# Shoestring in Canada



## IBRRHOBO (Aug 10, 2009)

Been keeping Shoe's emails and posting them on my site as a journal and shit. Thought ya'll might like to know about his current trip and the new hobo elections. All of 'em are at: DM&E Update

In a message dated 8/10/09 11:36:13 A.M. Eastern Daylight Time, [email protected] writes:
Well, "Stray Cat" and "Inkman" are our new hobo king and queen this year elected in Britt, IA.
Gee Whiz! Who'll be next?! I can see "Stray Cat" getting elected, but "Inkman"

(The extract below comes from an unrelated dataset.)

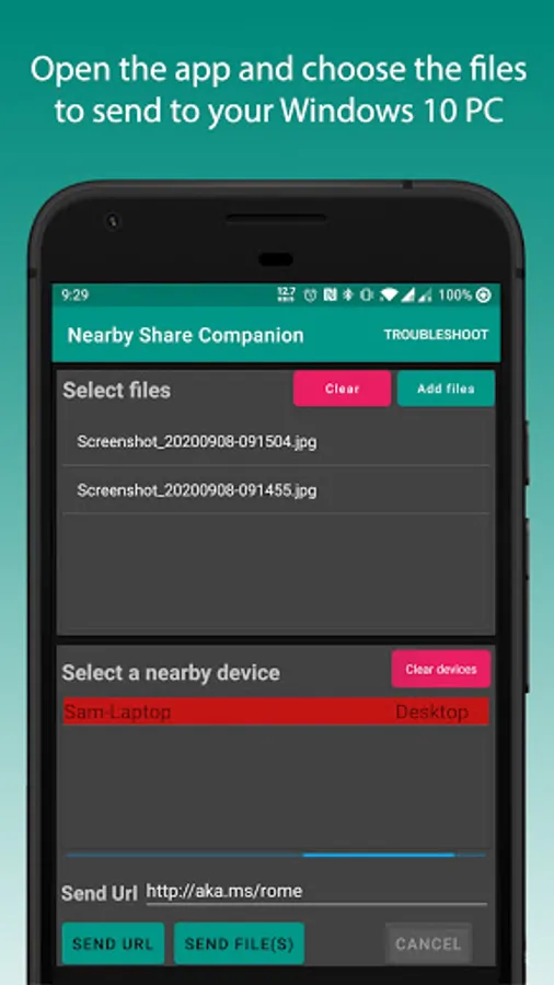 The app uses Windows 10 built in function to share files.
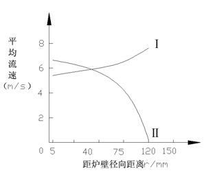 当焦炭块度与炉子内径之比d/D=1/8.5时,风速沿炉子径向保持不变的分布状态,即送风可穿透炉子中心;当d/D=1/15时,由于焦炭块度小而阻力增加,风速沿径向减弱,迫使炉子中心出现了弱风区(3)。

He's a welder in his hometown and has only ridden a few miles of rails, if any at all!!! (That's why I hate going to Britt)! They don't elect real, true hoboes!!!

Well, I'm just north of the USA border in the town of Coutts, Alberta, this morning!!! I got off in a siding last night after making it across the border at Sweetgrass, MT, on that local drag from Shelby. I'll for sure have to lay low in Canada after being depoprted three times before since 1992!!! (Twice from Newfoundland and once from Regina, SK)! If I get caught again, I'll more than likely do the full two years in federal lockup!!! As long as I stay low and keep a low profile, I'll be okay.
I think I'm gonna hitch hike from here to Lethbridge, (about 80 to 100 miles further north), then catch out from there to Calgary. From Calgary, who knows!!! 

I only have about two more weeks before having to be back, now.......

Laters.......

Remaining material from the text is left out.